6. Standalone Performance
The clinical studies describe the performance of the device itself (with a human operator, the dental/orthodontic professional, applying it), not an algorithm in isolation. The "performance" in this context is the alleviation of pain in patients when the device is used as intended. The studies assess the direct effect of the device on patient pain levels.
7. Type of Ground Truth Used
The primary "ground truth" for efficacy in the clinical studies is patient-reported pain levels validated via pain assessment questionnaires (explicitly mentioned for CSP-TENS-003). Safety "ground truth" is based on the absence of reported adverse device effects. For non-clinical tests, the ground truth is adherence to engineering specifications and international standards.

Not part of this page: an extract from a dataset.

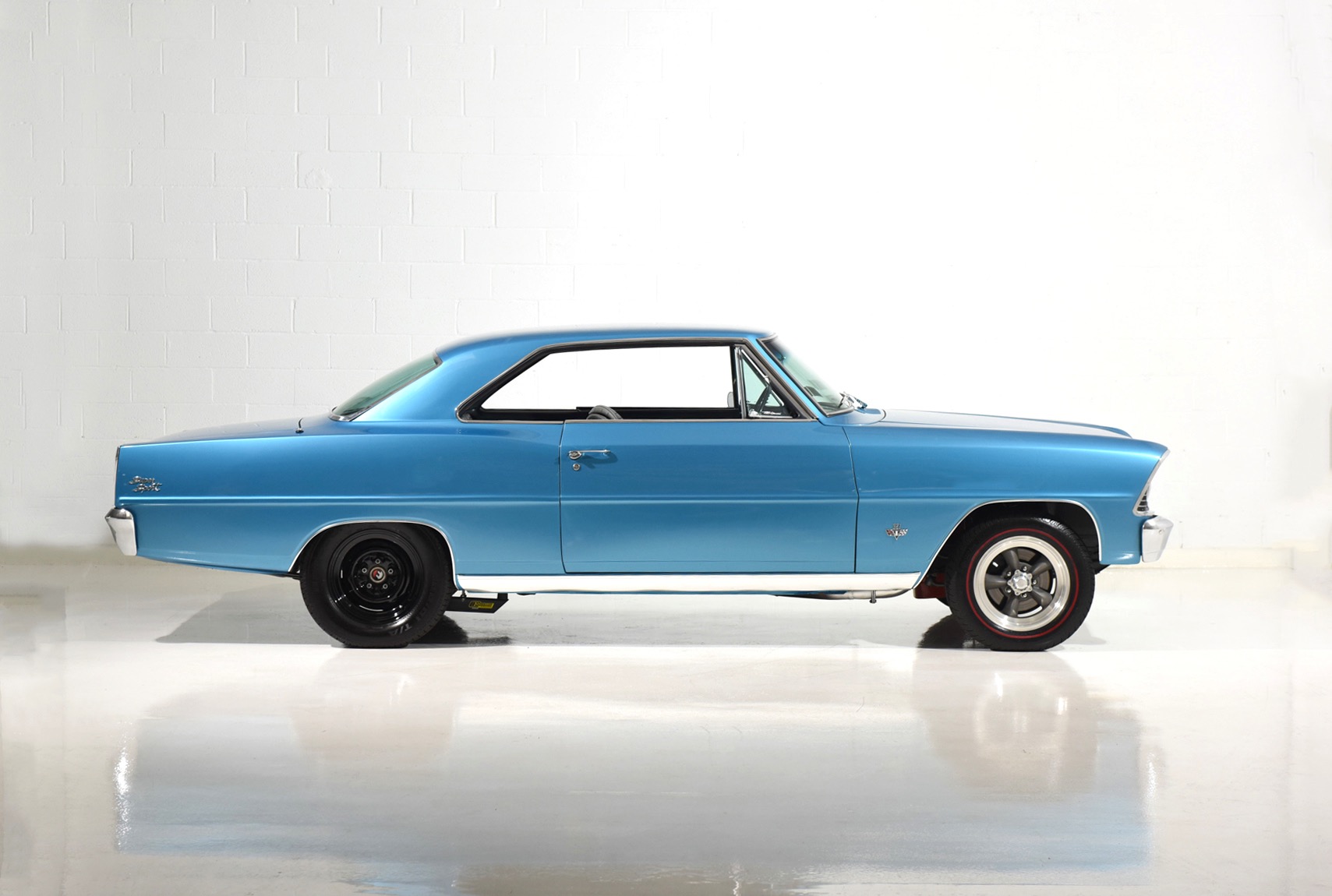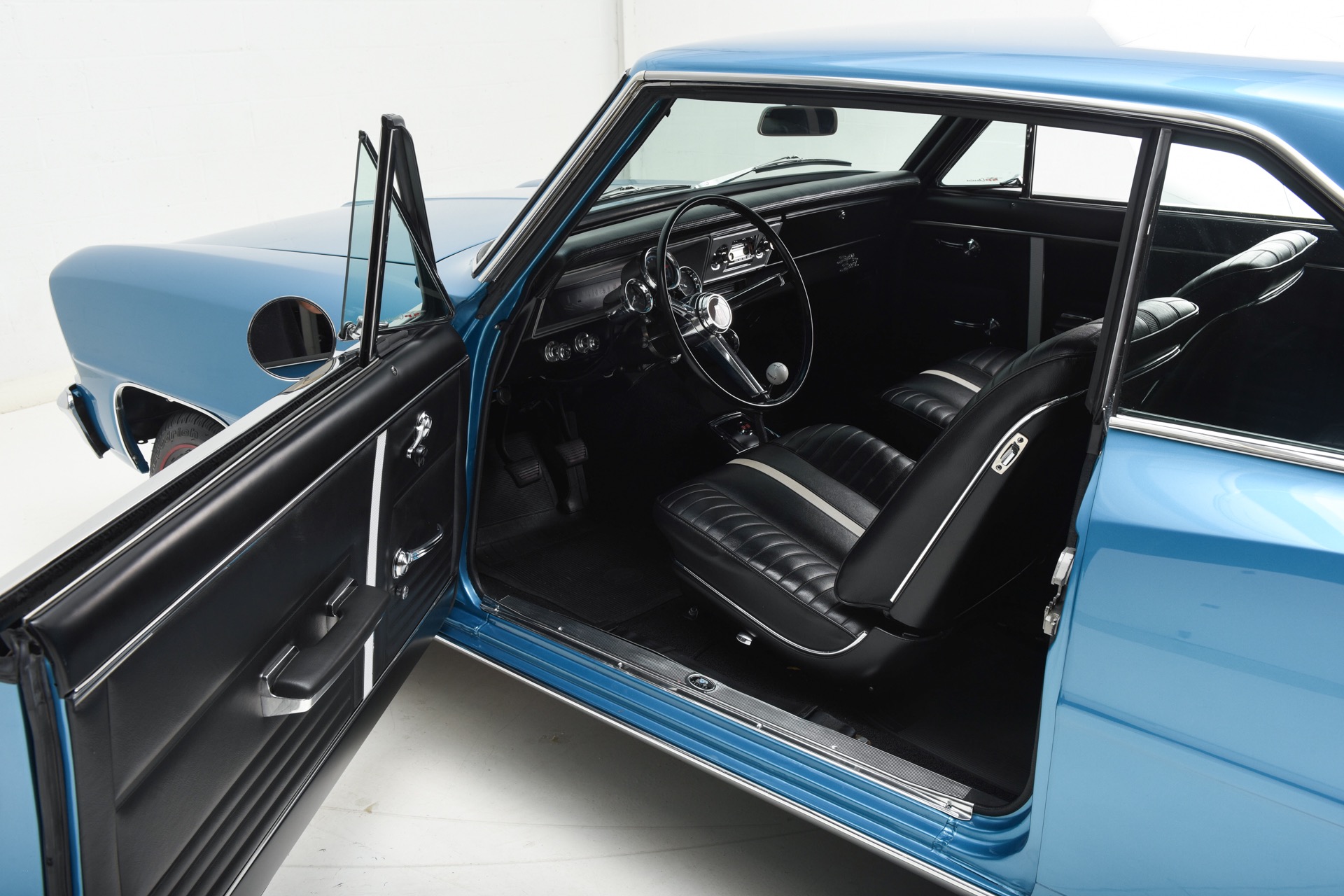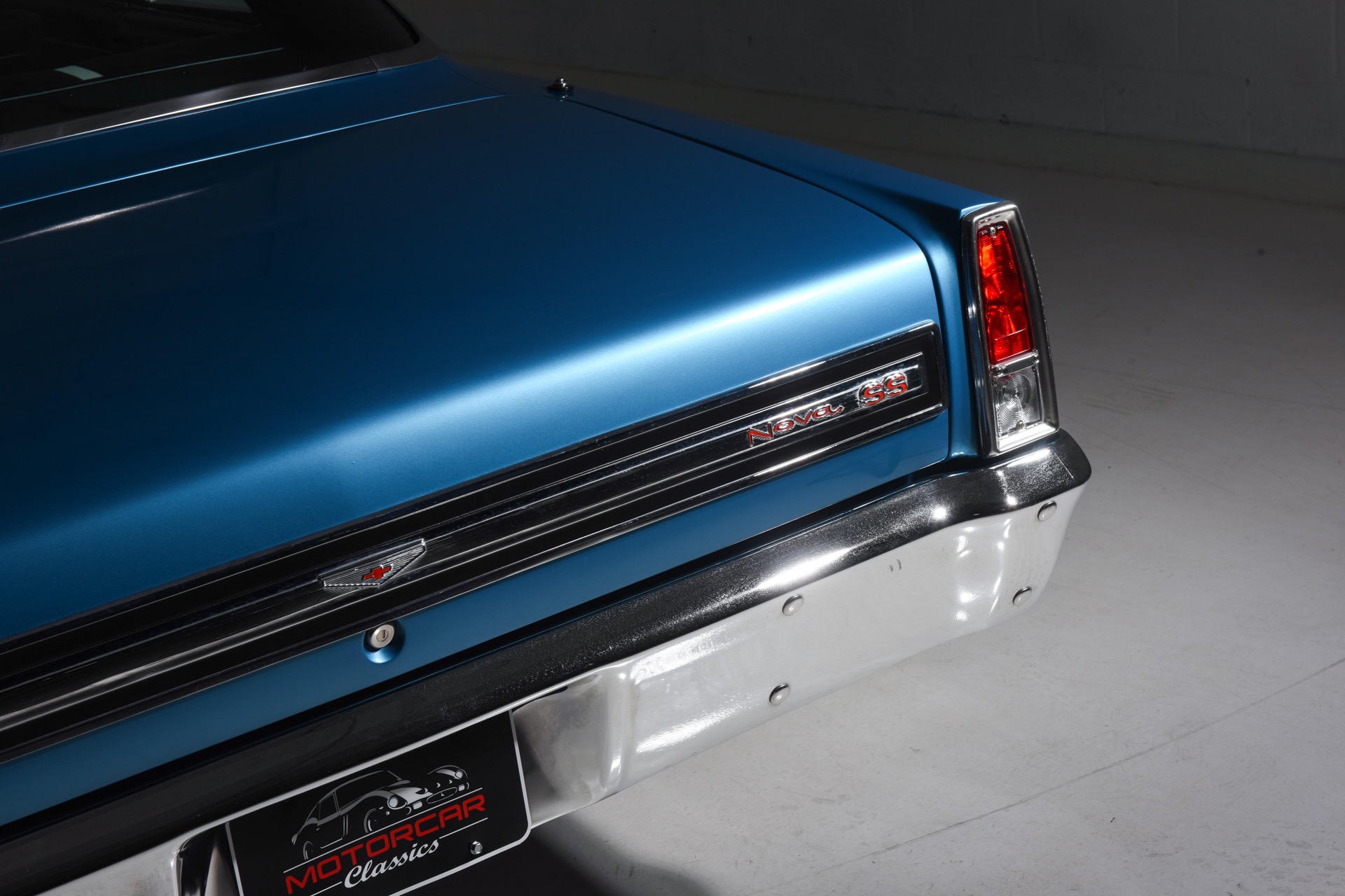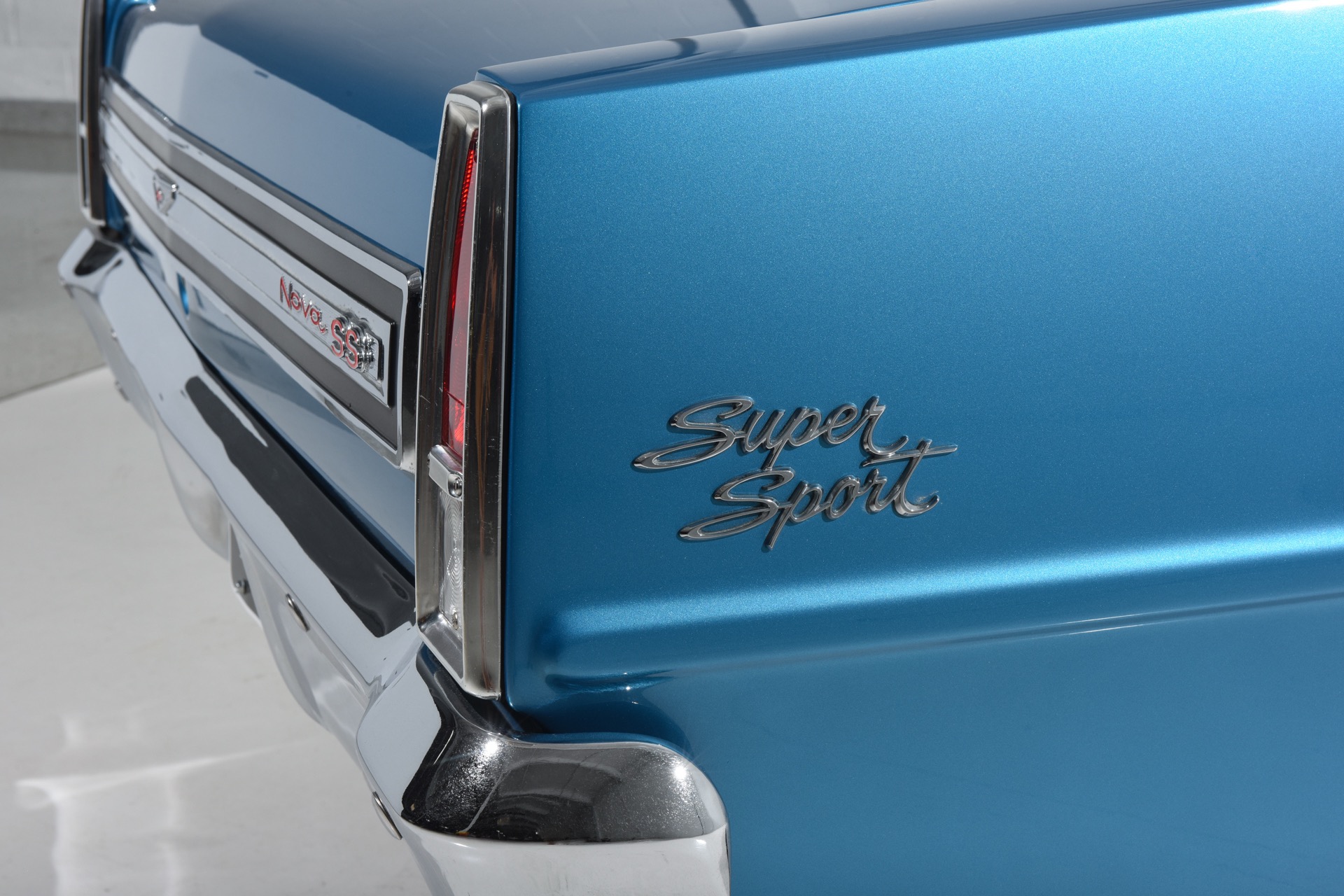 1967 CHEVROLET NOVA RESTOMOD for sale. Motorcar Classics is proud to present this 1967 Nova SS that is professionally-built to an incredibly high standard. Featured in Marina Blue with black interior, this is a real SS that has a photo-documented rotisserie restoration with a complete file of accompanying receipts to detail the bill of materials of all components. This car is running a period correct 327CI V8 that has been rebuilt, balanced and blueprinted including SA Gear roller timing set, Liberty Performance stainless roller rockers, Performer RPM manifold, and Comp Cams hydraulic roller cam and lifters. The car has a 4-speed Muncie gearbox with Hurst shifter and 3.73 rear. Our handsome Box Nova has all new sheetmetal, glass, chrome, interior and carpeting. The bill of materials shows that virtually everything is new and upgraded, including the radiator, suspension, fenderwell headers and exhaust, gas tank, wiring, wheels and tires. The car has won numerous awards in show, and it has covered less than 250 miles since completion. Here is an example of a car that has been built right and could not be duplicated for anywhere near its price. It is highly recommended.

8. Sample Size for the Training Set
This product is a medical device for therapeutic use (pain relief), not an AI/ML model that requires a "training set" in the machine learning sense. Therefore, the concept of a training set sample size is not applicable here. The device's design is based on established principles of Transcutaneous Electrical Nerve Stimulation (TENS) and engineering.
9. How the Ground Truth for the Training Set Was Established
As this is not an AI/ML device, there isn't a "training set" or "ground truth" for it in that context. The device's design and operating parameters (e.g., output voltage, current, waveform) are based on the intended physiological effects of TENS and are validated through the non-clinical and clinical performance data.